FROM PEN TO PENDRIVE - PART III: PROVING THE CLAIM WITH EMAILS DURING DEBT COLLECTION IN HUNGARY?

09 March 2023

Sometimes it happens in business life that the other party does not pay. In case the creditor takes legal action to recover the debt, it is very important to prove his claim against the debtor, which is usually based on written evidence. In this article, we examine how can the creditor use electronic texts or other communication to prove its claim during debt collection in Hungary.

The previous part of the article is available here: FROM PEN TO PENDRIVE - PART II: CONSERVATIVE CIVIL LAW - Blog - Smartlegal

In B2B relations, creditors usually use one or more of the following legal proceedings to collect debts: payment warrant procedure; civil litigation; liquidation; judicial enforcement.

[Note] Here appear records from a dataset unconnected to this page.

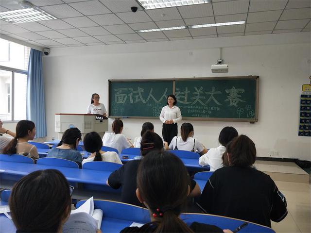 本次活动分为五个大组,每组9-10人,1人主持,3人作为面试官,3人作为面试者。面试职位有中学生教师、食品质检员等职位。活动伊始,主持李源向大家讲道:“模拟面试实际上是给我们一次实际锻炼的机会,让我们在毕业找工作前感受真正的面试,有利于增强我们就业的信心,提高求职成功几率。大家要好好把握这次难得的机会,好好表现自己。”
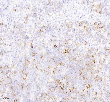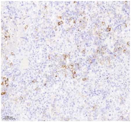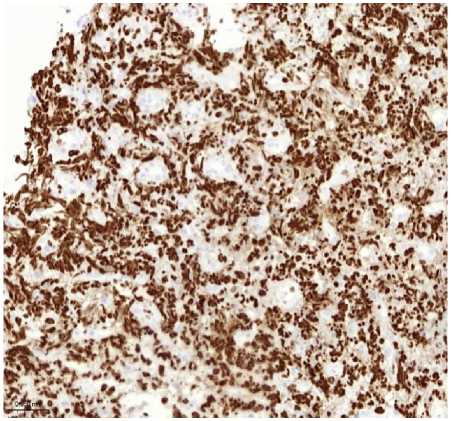 Иммуногистохимическое исследование (ИГХ): Опухолевые клетки экспрессировали CD138, CD38, MUM1/IRF4; EBER (ISH) - положительно. Отмечалась негативная экспрессия CD20, PAX5, CD3. Индекс пролиферации Ki-67 >90%.
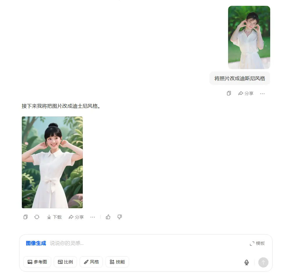 如果你希望把照片变成艺术画作,豆包也提供了强大的图像风格迁移功能。只需指定目标风格(例如油画、素描、卡通风等),AI 即可将原始图像自动转换成你想要的艺术效果,同时保留画面主体不变。
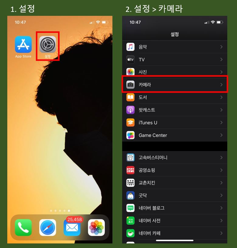 3. 설정의 카메라에서 비디오 녹화 설정 상태를 봅니다.
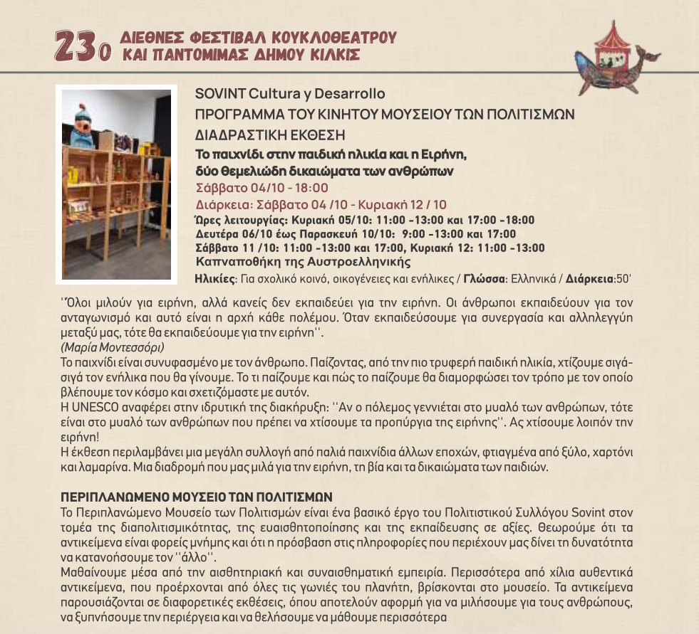 Το πρόγραμμα του 23ου Φεστιβάλ Κουκλοθεάτρου και Παντομίμας Δήμου Κιλκίς
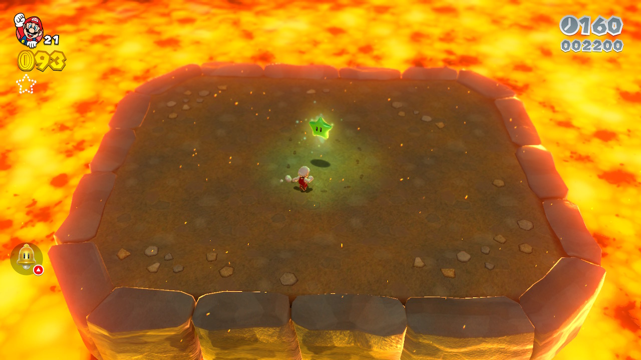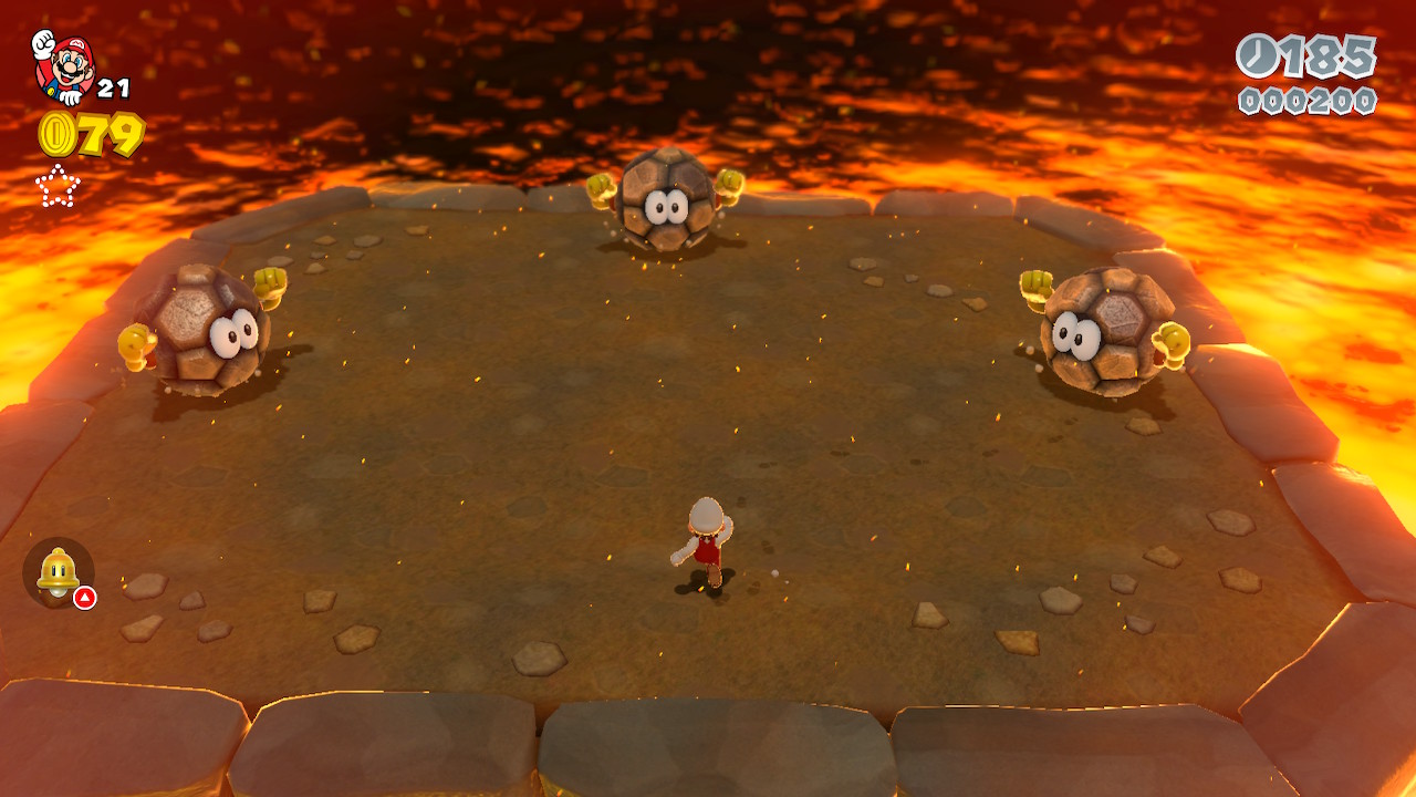 Defeat all four Brolders by jumping on them and tossing them into the lava to get Green Star Number 1.
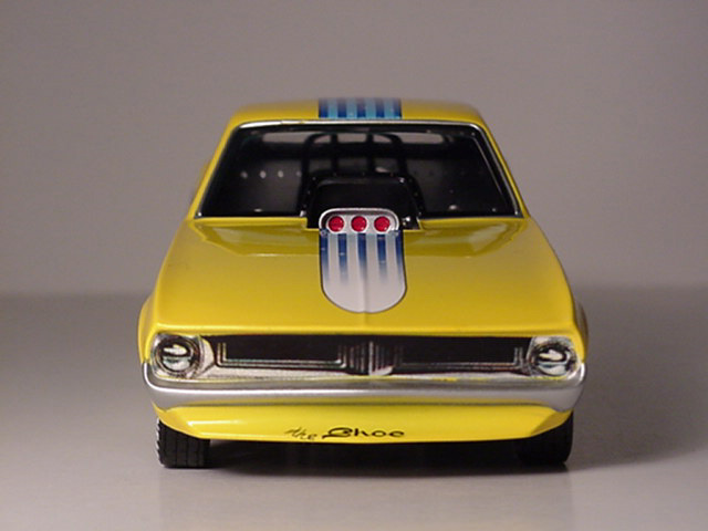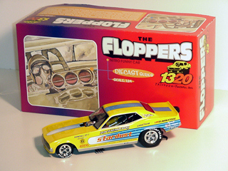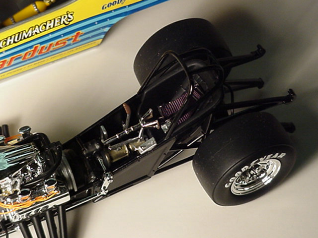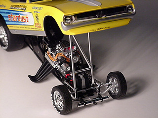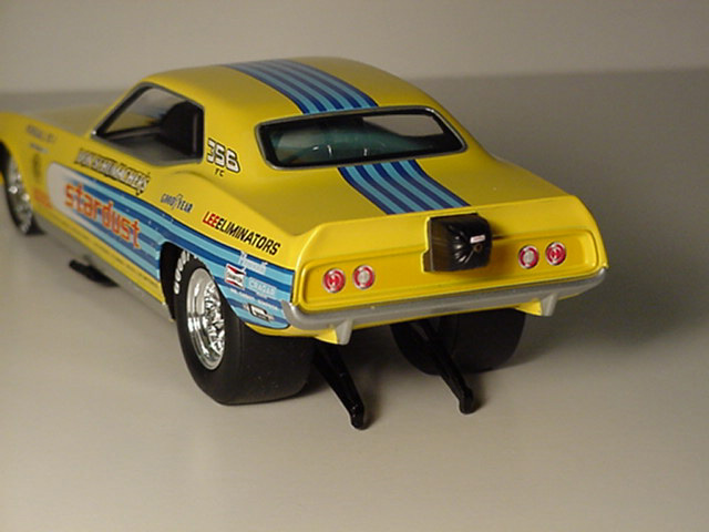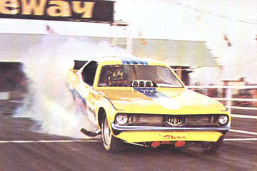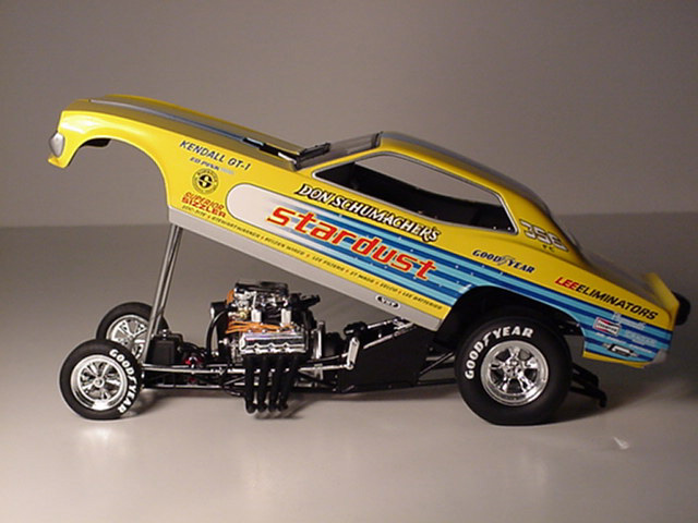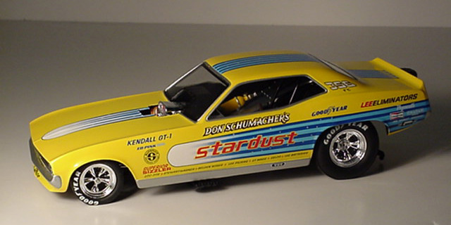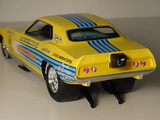 This model is very similar in appearance to Shumacher's previous Plymouth 'Cuda F/C, which he ran at the Pod against Paula Murphy. Rather than suffer the return airfreight costs to get it back home in timely fashion it was sold to Santa Pod Raceway, run as an SPR "house" car with Allan Herridge at the wheel before being sold on to the Stones (in which guise it spent the majority of its active life, and is best remembered in Britain).

In the above procedures, there are different rules and court practice regarding the suitability of electronic documents or texts to prove the claim against the debtor.

In payment warrant procedures, the notary public does not examine any evidence, creditors cannot attach evidence to the request form. On the other side, enforcement procedure is always based on an enforceable document issued by an authority (court, notary, etc…). Therefore, the question of electronic evidence is not relevant in these two procedures, so we will focus on litigation and liquidation.

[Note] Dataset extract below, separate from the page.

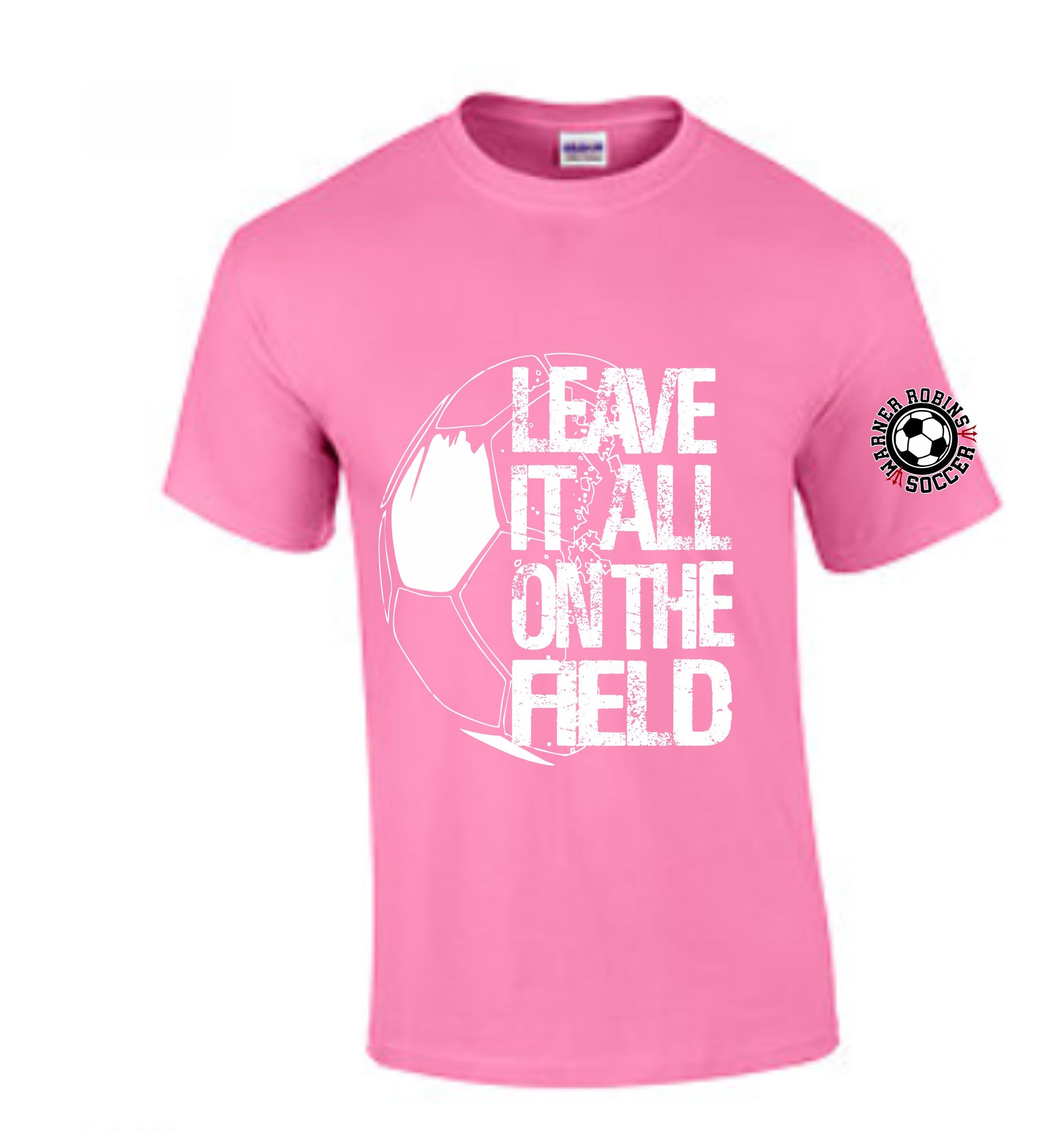 Leave it all on the field, everyday every game, every practice. The great graphics on this shirt are perfect for any soccer fan. Unisex sizing small-xxl Warner Robins graphic on the sleeve.

1. E-writing in debt collection litigation

In debt collection litigations, the debtors usually do not have substantial defence against the claim, so they use formal defence (such as the form of documents, communication, etc…) to avoid or at least delay the judgment against them.

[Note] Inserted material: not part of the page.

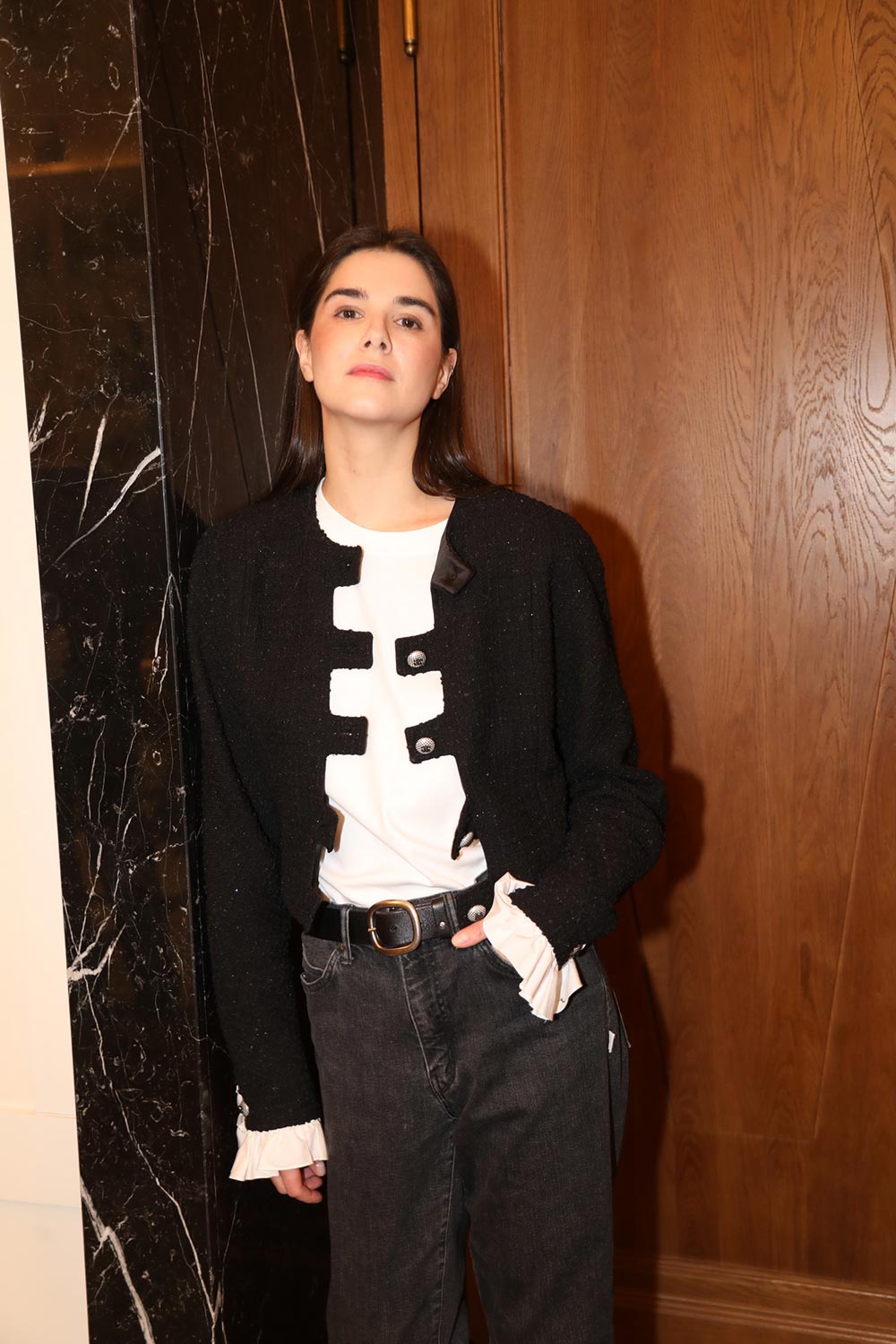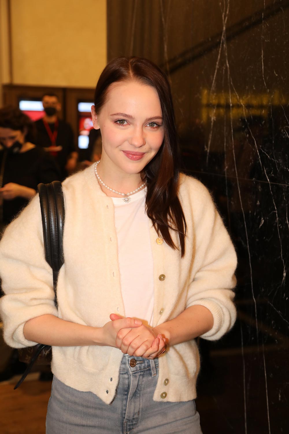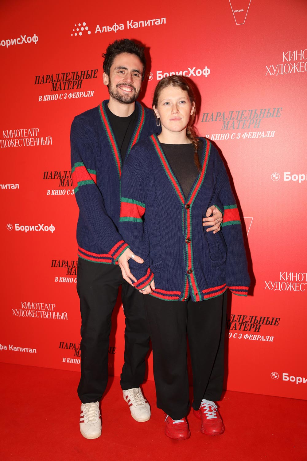 Также весьма эффектно выглядела звезда сериала «Чики» Варвара Шмыкова - вместе со своим бойфрендом, диджеем Даниилом Радловым, они пришли в одинаковых парных кардиганах.

Such defence can be effective, because in civil litigation, the burden of proof regarding the claim is generally on the plaintiff (the creditor in our case).

Given that based on law, some type of contract (e.g. real estate sale-purchase) and some provisions in any contract (e.g. choice of court, liquidated damages) may only be valid in written form, furthermore, the parties can also make writing mandatory in connection with the legal relationship, the defendant may dispute the validity of the contract or a provision due to the lack of written form.

Where written form is not mandatory, defendants still can dispute the evidentiary value of an SMS, email, Viber, etc… evidence, by stating that it is not conclusive enough.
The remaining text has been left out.